EXTRACTED MATERIAL:
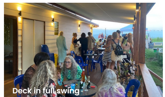
Deck in full swing
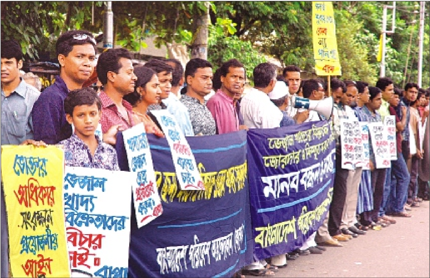
Bangladesh Paribesh Andolon forms a human chain at Shahbag in the capital yesterday, urging the authorities concerned to gear up the ongoing operation against adulterated food. A number of food stall owners and employees have been fined and jailed by mobile courts during their recent drives following newspaper reports.

Pakistan President Pervez Musharraf said yesterday that foreign students attending Islamic religious colleges in the country would be ordered to leave as part of a crackdown on militant groups. "They must leave. We will not issue visas to such people," he said in a meeting with Islamabad-based foreign media. The government estimates there are 1,400 foreigners studying at religious schools -- known as madrasas. Pakistani security forces have detained hundreds of suspected militants and Islamist clerics after a crackdown launched after the July 7 London bombings. Pakistan's latest crackdown came after revelations that three of the four suspected bombers in London were Britons of Pakistan descent and at least two of them had visited Pakistan recently. Asked how long the ongoing SEE PAGE 15 COL 6
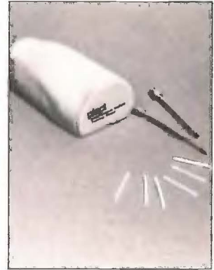
The texture of the "training arm" developed by PIACT closely resembles that of skin and muscle tissue.

Special centres established to train clinicians in NORPLANT insertion and removal were based on the expertise developed during the ICCR's clinical trials with the techniques. Several leading medical institutions in countries that participated in the early ICCR trials were selected to serve as international training centres. The Raden Saleh Clinic in Jakarta, Indonesia, and the PROFAMILIA clinic in Santo Domingo, the Dominican Republic, have trained physicians from Asia, Latin America, and sub-Saharan Africa; the clinic at Assiut Hospital in Assiut, Egypt, which became operational in 1989, will train clinicians from North Africa. A clinic in Santiago, Chile, the Instituto Chileno de Medicina Reproductiva, served as a training centre for the
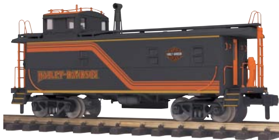
Harley-Davidson® - Offset Steel Caboose 70-77022 $129.95
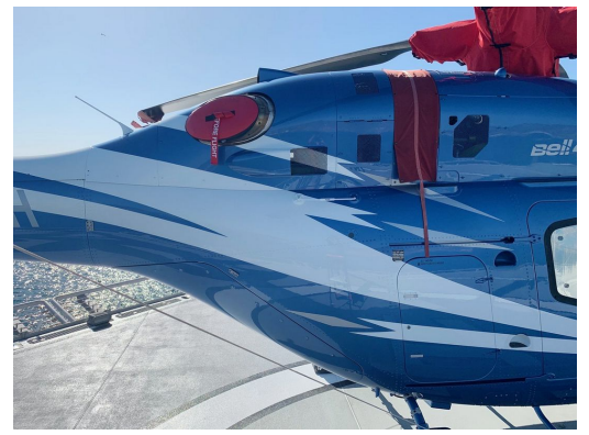
Bell 429 Exhaust Plug, Rotor Mast Cover
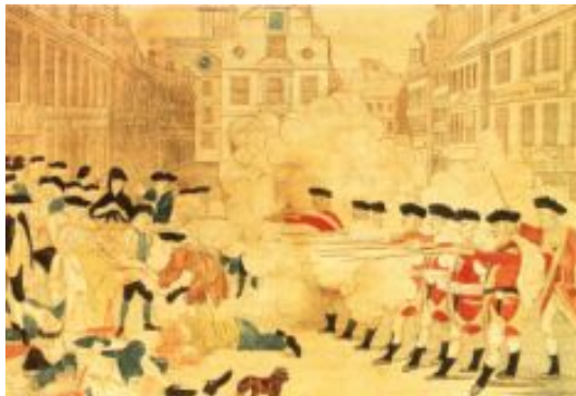
Paul Revere – One of the Sons of Liberty; published a rabble-rousing but historically dubious account of the Boston Massacre.
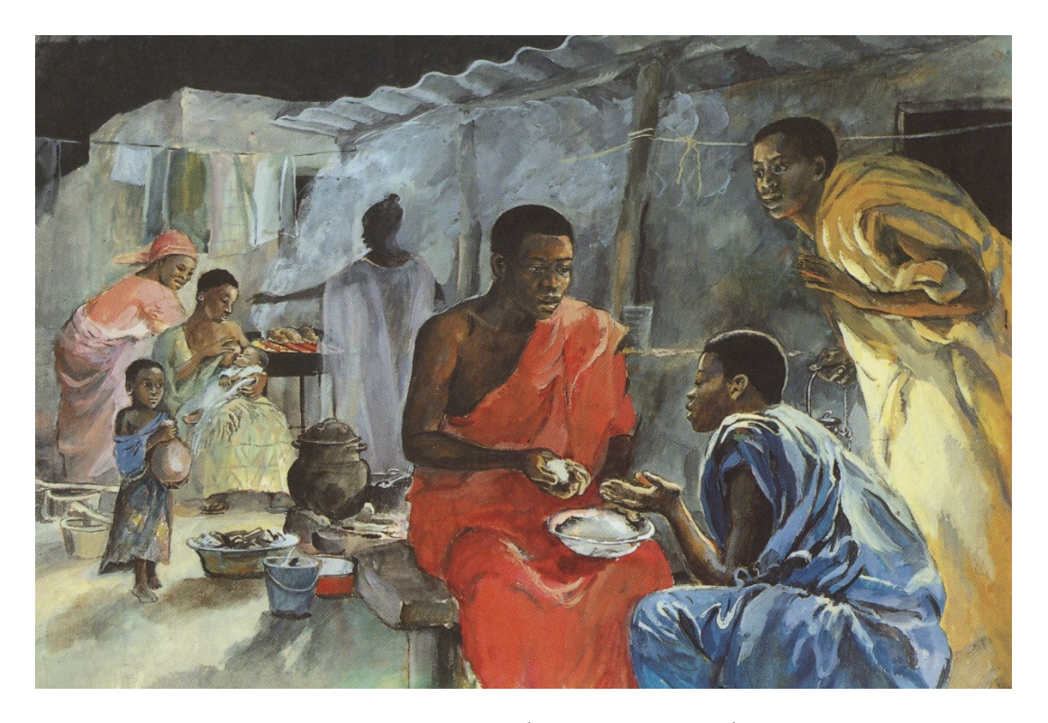
Jesus appears on the Emmaus Road From the series, "The Life of Jesus Mafa", Northern Cameroon Two images of transfiguration and transformation.
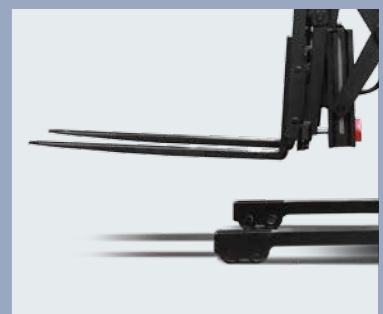
Proportional controlled forks can be operated more accurately
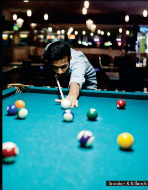
Snooker & Billiards
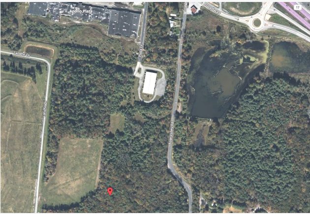
The red pin marks the purchased property site.

property and had an option on expanding next door. The sale means they now have up to five developable portions of the property for light industry (like warehouses, distribution facilities and small manufacturers) - AND they'll be paying property taxes, unlike our tax-exempt ownership. Located right off Route 17's Exit 106, it's a prime piece of land that holds the promise of increasing jobs and tax revenue for the Village of Monticello, the Town of Thompson and Sullivan County.
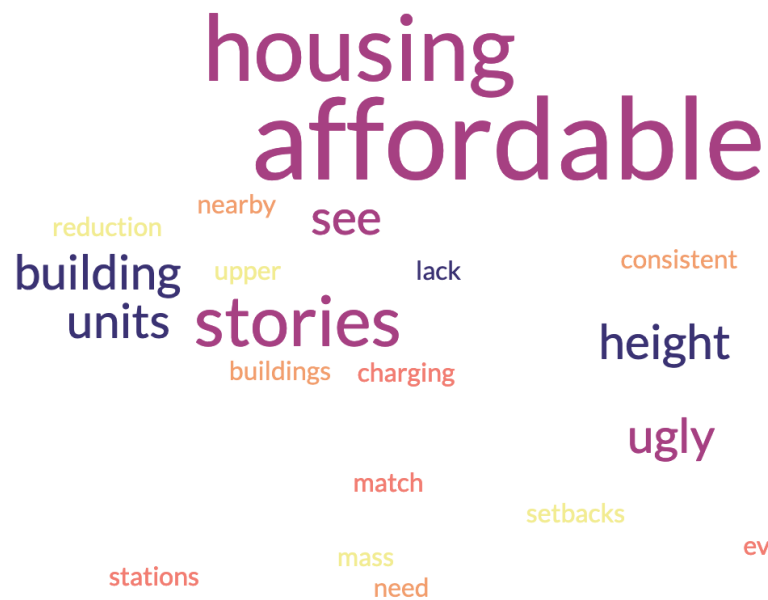
Figure 2. Word cloud of reservations among people who chose “support with reservations”

Among those who chose support with reservations, a common concern was affordable housing. This matches with all of the free-text responses, where a common theme was including affordable housing in any new development. This was not a common theme among people who chose “support”, who instead requested less parking in the development.
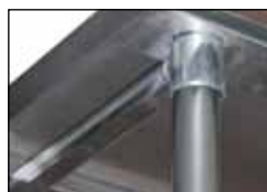
We've welded cross bars to the larger benches to make them insanely strong.
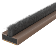
L31218 10mm x 4mm - Brown
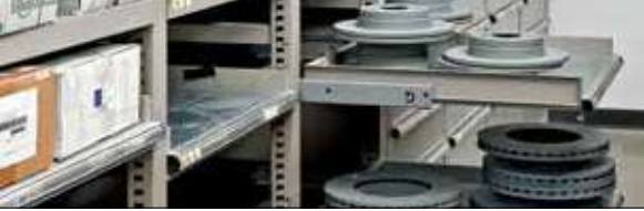
FULL DEPTH STORAGE WALL SYSTEM 27 ¾" DEEP
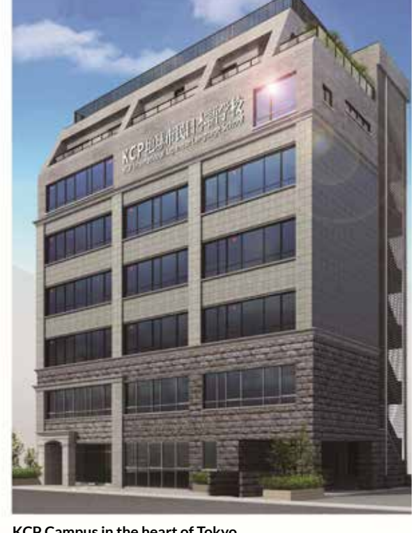
KCP Campus in the heart of Tokyo

I expected to be able to hold basic conversations in Japanese by the end of the program, but I was actually surprised. I became able to participate in quite complex conversations with most of my Japanese friends.
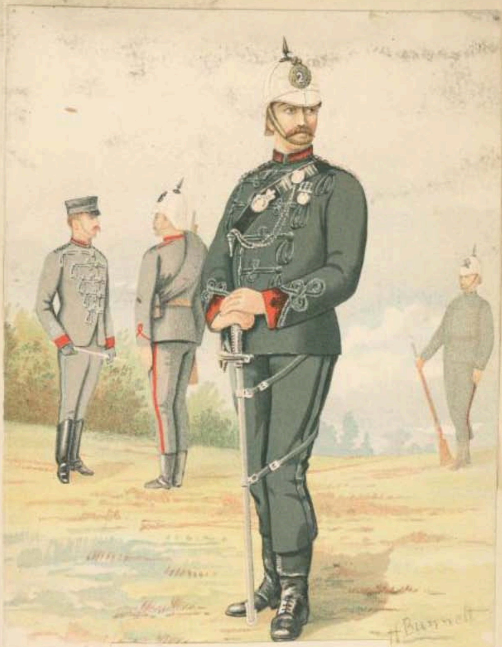
THE 2nd QUEEN'S OWN RIFLES (CANADA).
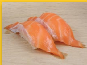
Fatty Salmon 鮭トロ $4.25
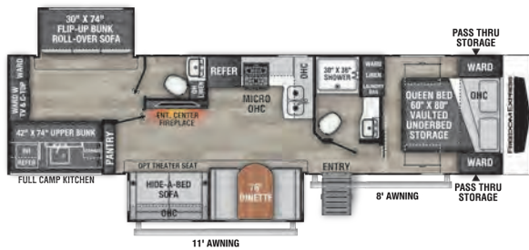
326 BHDSLE / Exterior Length 36' 10"
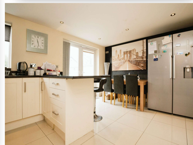
Coeden Dal, Pentwyn Cardiff CF23 7DL
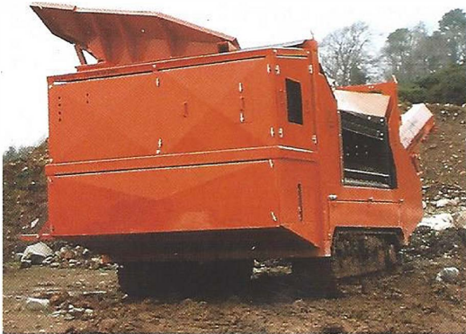
EZ-SCREEN 2000T shown without middle product conveyor
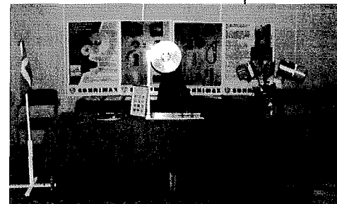
The SONNIMAX A-S booth. SONNIMAX services wheel and airblast equipment.
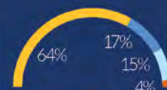
Students who dropped out

▲ A quarter of students take transferable non-algebra courses like statistics
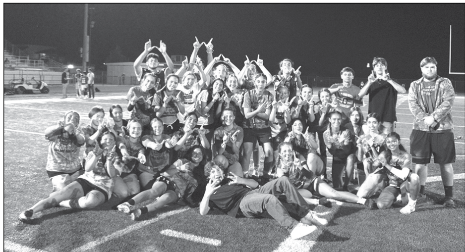
The winning combined team of seniors and freshmen.
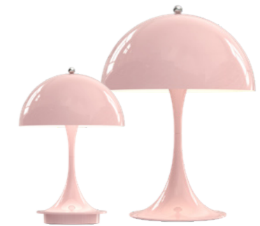
Pantella Portable/MINI Design: Verner Panton
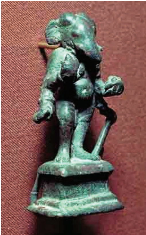
Ganesh, Kashmir, seventh century CE

Andhra Pradesh in the third century CE and at the same time there is a significant change in the draping style of the monk's robe. Buddha's right hand in abhaya mudra is free so that the drapery clings to the right side of the body contour. The result is a continuous flowing line on this side of the figure. At the level of the ankles of the Buddha figure the drapery makes a conspicuous curvilinear turn, as it is held by the left hand.
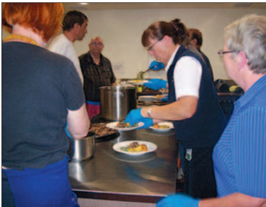
A hive of activity: volunteers at work in the kitchen
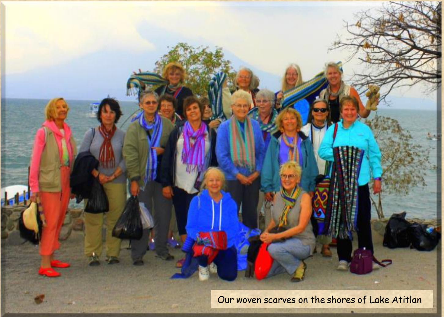
Our woven scarves on the shores of Lake Atitlan

This morning we begin our drive back to Antigua (approximately three hours) with a stop en route a wonderful cooperative where they make felted animals. After lunch at a local restaurant (not included), we continue on to Antigua and Palacio de Doña Leonor, arriving in the early evening. Overnight in Antigua at Palacio de Doña Leonor. (B)
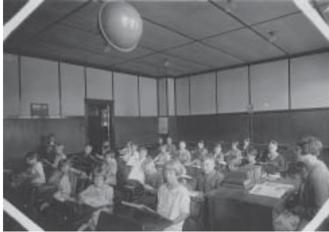
The Old Marktown Community Center in 1923 when it was still being used as an elementary school.

At one time we also had a Men's Club and a separate Women's Club. The Women's Club of today is in a way fashioned after the prior organized groups that served our community. I suppose that the only difference is that in the past, virtually all of the organizations in this neighborhood attempted to stay out of neighborhood politics all together. Their only purpose was to serve the community and not
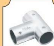
Rod to Rod Connector
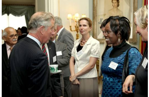
HRH The Prince of Wales meeting INTO members and reporters at Clarence House

The International Conference of National Trusts (ICNT) is an on-going membership service and it is always such a thrill when the members of INTO come together on a biennial basis to share best practice and to speak in one voice on matters of common concern. We are delighted that the next ICNT will be hosted by the Cross-Cultural Foundation of Uganda in Entebbe from 30 September to 4 October 2013.
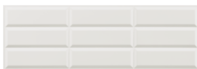
CUBIC ANTÁRTIDA MATT
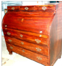
Cylinder Roll Top Secretary
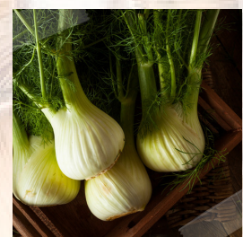
LARGE FENNEL $18 PER BOX
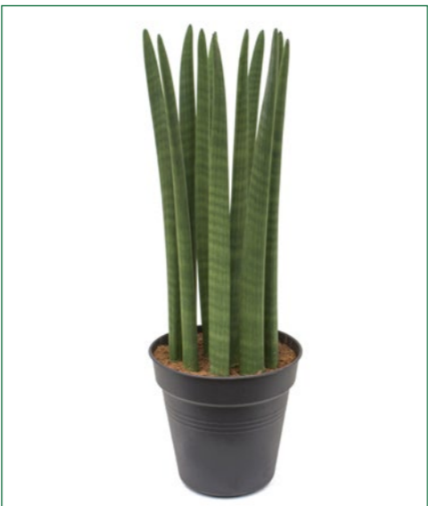
Artcode: 4SACSTU59 Description: Sansevieria straight Form: Tuft Pot: 27 Height: 80
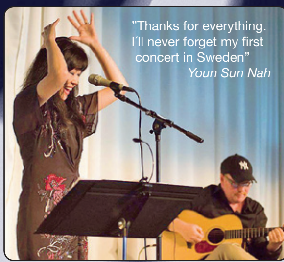
"Ystad Sweden Jazz Festival is a fantastic Jazz festival! It has put Sweden back on the map. Im proud and happy!" Ulf Wakenius
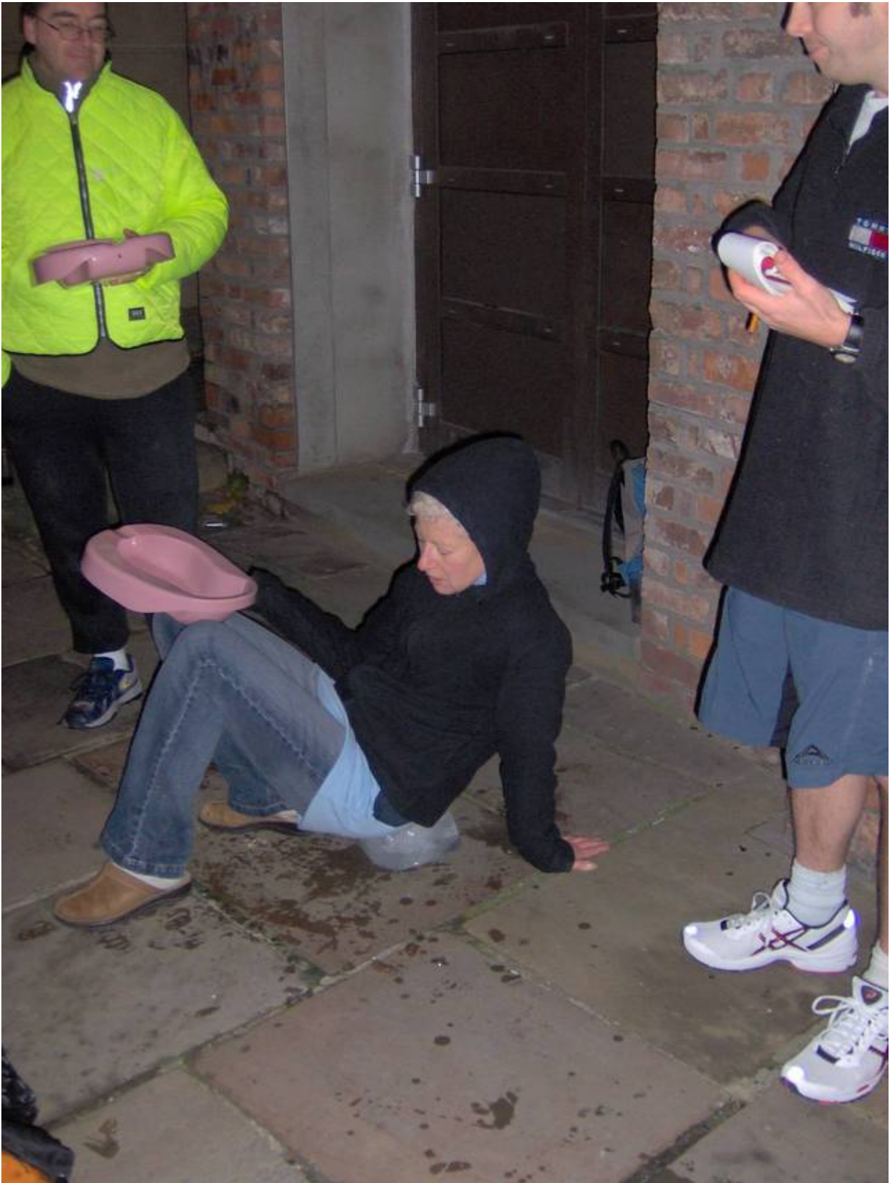
A solemn moment as Snoozanne took to the sacred ice. Shortly afterwards she argued that 'Hog calling time in Nebraska' is a silly song. Quite agree – and not at all in keeping with drinking beer out of a bed-pan whilst sat on a block of ice during a high latitude winter.

TASK REQUIREMENTS: Please output the lines above beginning at the line with "Students who dropped out" and ending after the line with "The Old Marktown", precisely as written and with no pictures.

SOLUTION FOR THIS TASK:
Students who dropped out

▲ A quarter of students take transferable non-algebra courses like statistics
The winning combined team of seniors and freshmen.
Pantella Portable/MINI Design: Verner Panton
Ganesh, Kashmir, seventh century CE

Andhra Pradesh in the third century CE and at the same time there is a significant change in the draping style of the monk's robe. Buddha's right hand in abhaya mudra is free so that the drapery clings to the right side of the body contour. The result is a continuous flowing line on this side of the figure. At the level of the ankles of the Buddha figure the drapery makes a conspicuous curvilinear turn, as it is held by the left hand.
A hive of activity: volunteers at work in the kitchen
Our woven scarves on the shores of Lake Atitlan

This morning we begin our drive back to Antigua (approximately three hours) with a stop en route a wonderful cooperative where they make felted animals. After lunch at a local restaurant (not included), we continue on to Antigua and Palacio de Doña Leonor, arriving in the early evening. Overnight in Antigua at Palacio de Doña Leonor. (B)
The Old Marktown Community Center in 1923 when it was still being used as an elementary school.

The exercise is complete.